The Beatnicks

The Beatniks.jpg WP

Click onto picture for Youtube video of ‘Sultana

It’s almost impossible to explain the overwhelming changes, which took place over the 1960s to students of today. Britain had finally emerged from almost two decades of post-war, monochrome austerity. Shaking off the shackles of history and war, while the upper classses truggled to come to terms with losing an Empire, the middle and working classes were starting to enjoy new economic freedoms.

Further education was not only free, but governments actively encouraged it by dispensing grants, rather than loans. Overall, there was a sense of wellbeing and self-confidence almost unknown previously. People wanted to forget the past, especially the young who, apart from not having so much of it to forget, looked towards a future, which they believed held no bounds.

Television had come to almost every home. Many more families were able to afford cars and trips abroad. Men escaped the gravity of Earth to walk on the Moon for the first time ever. There was a sense of real freedom. That sensation was reflected in the arts, film, fashion and music, bringing about the phenomenon that came to be known as the ‘Swinging Sixties’. It produced the Mersey sound, the mini car, the mini skirt, the repeal of the laws against homosexuality, student revolt, and sexual freedom, among many other things. And Britain, in particular, became its hub for a short while. It was one of the most exhilarating times in modern history to live as an emancipated teenager.

Though rock ‘n roll music had been around since the early 1950s in the US, and had lapped at the shores of Europe, it wasn’t until The Beatles emerged from the shadows of The Cavern in Liverpool that technicolor life really came to the British Isles. But that didn’t mean the UK was the only place where every young lad with a moptop wanted to be in a rock ’n roll band.

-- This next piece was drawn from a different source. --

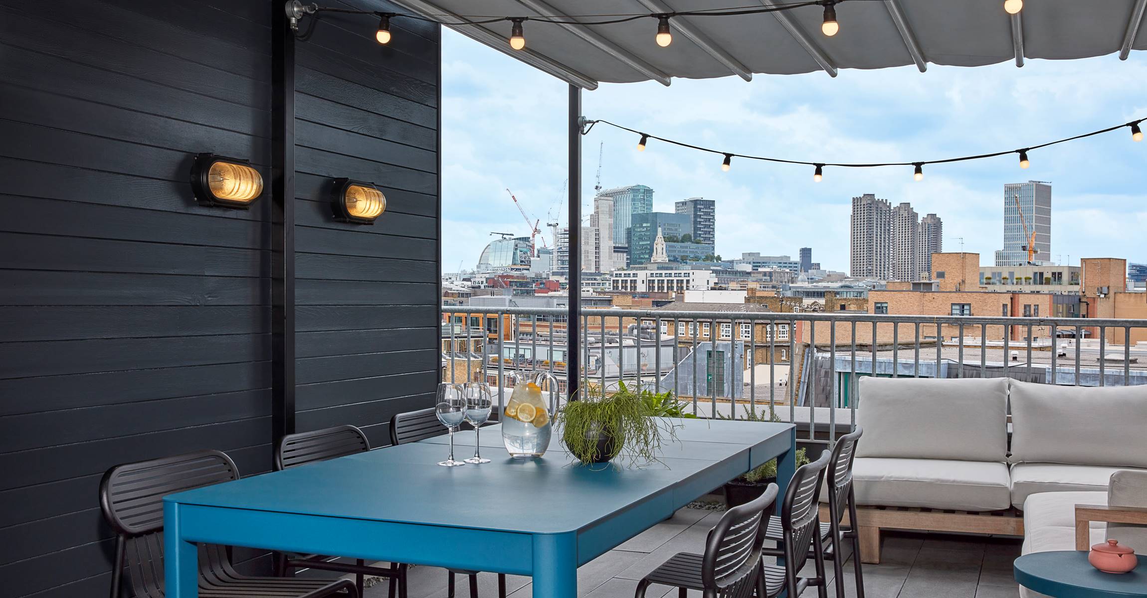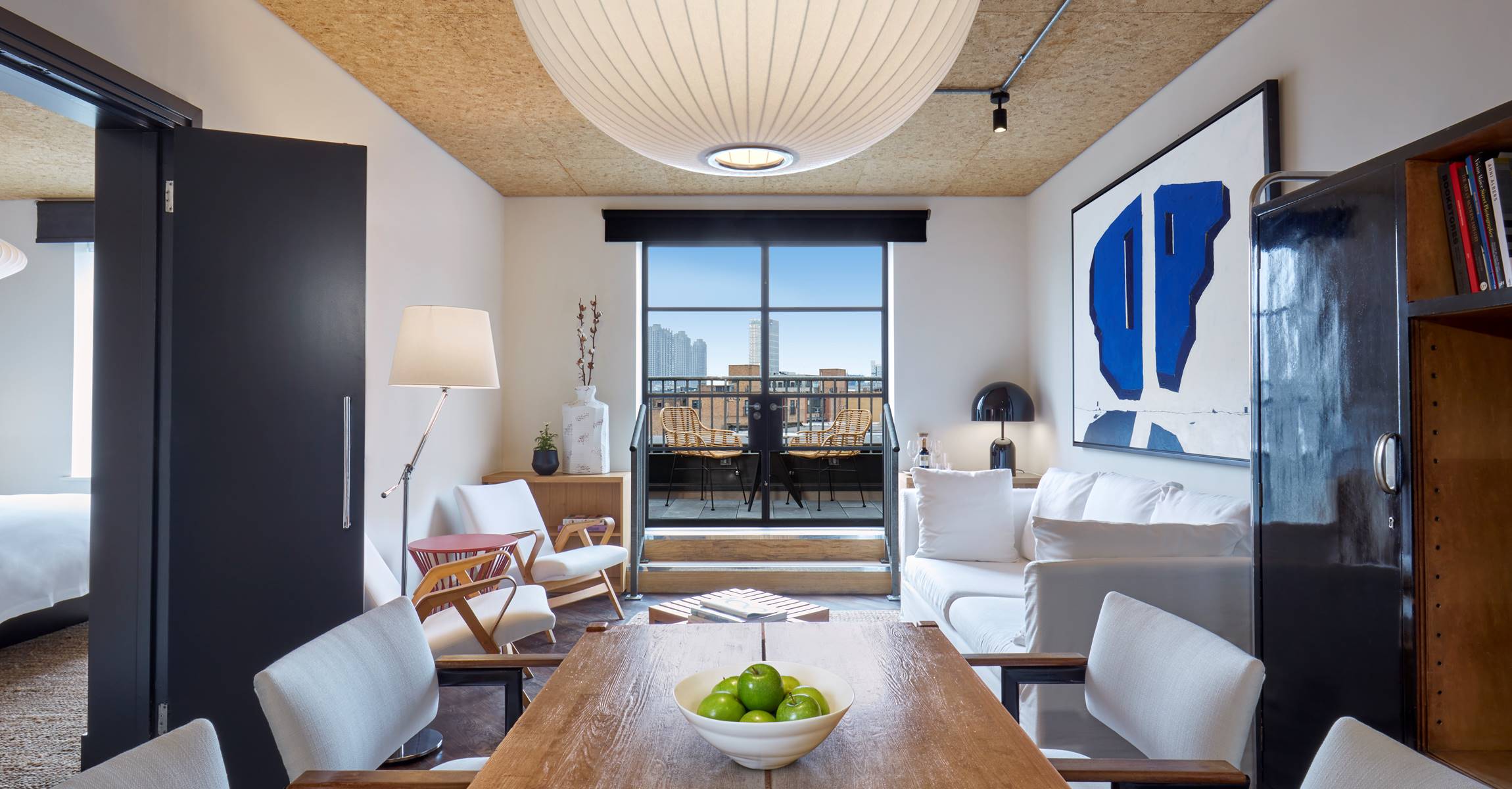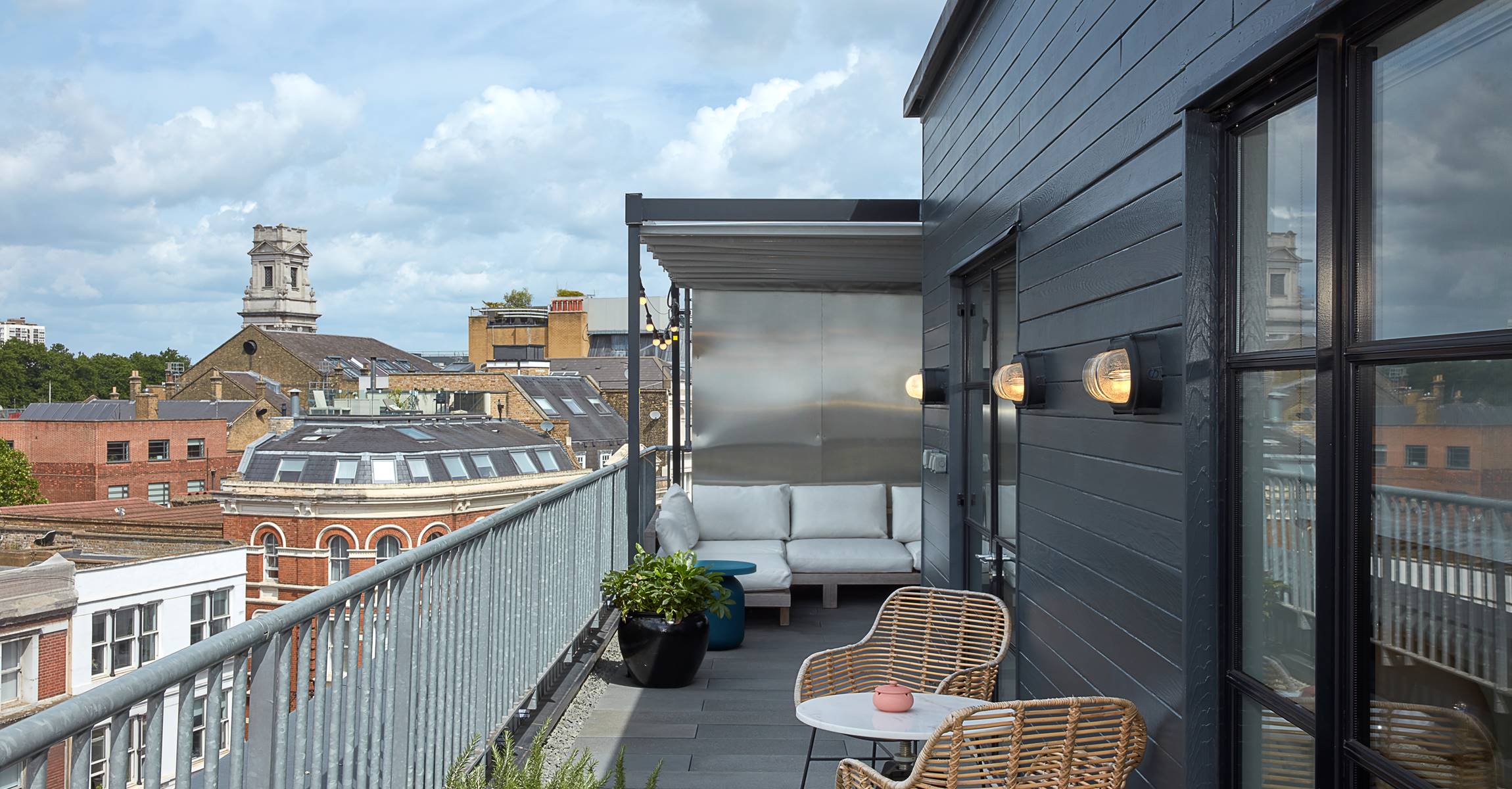 Studio Suite North is our largest suite with comfy sitting and dining room, relaxing bedroom, and a large wrap-around private terrace with views of Shoreditch and space to dine and relax. Furnished with a mix of bespoke and curated vintage furniture, it’s like having your own East London Apartment.

The summer of 1966 took me for my first student holiday in Oslo accompanied by my college friend, George Blynd. We spent part of the time camping at Ekeberg, just above the city. Back then large crowds of teenagers used to gather on the pavement outside the open air bar known  as Spikkasuppe in Stortingsgata near parliament. It was there we met Esther Ny. Esther introduced us to The Beatniks, one of Norway’s top bands at the time. They used to get kitted out for gigs at the small Frank Varner boutique across the road. We quickly became good friends and they drove George and I around to most of their gigs in a classic American 50s car.

The band’s popularity grew so fast over those summer weeks that they virtually became the Norwegian equivalent of The Beatles the short time we were there. And like The Beatles, and their entourage, George and I found ourselves being chased by screaming young girls, after the boys in the band, on occasion.

A couple of years later, they changed their name to Titanic and under that name they became the first Norwegian rock band to achieve real success outside of Scandinavia with hits in Germany and Britain. The single Sultana, reached number 5 the Top Ten in Britain, leading to an appearance on British TV in Top of the Pops.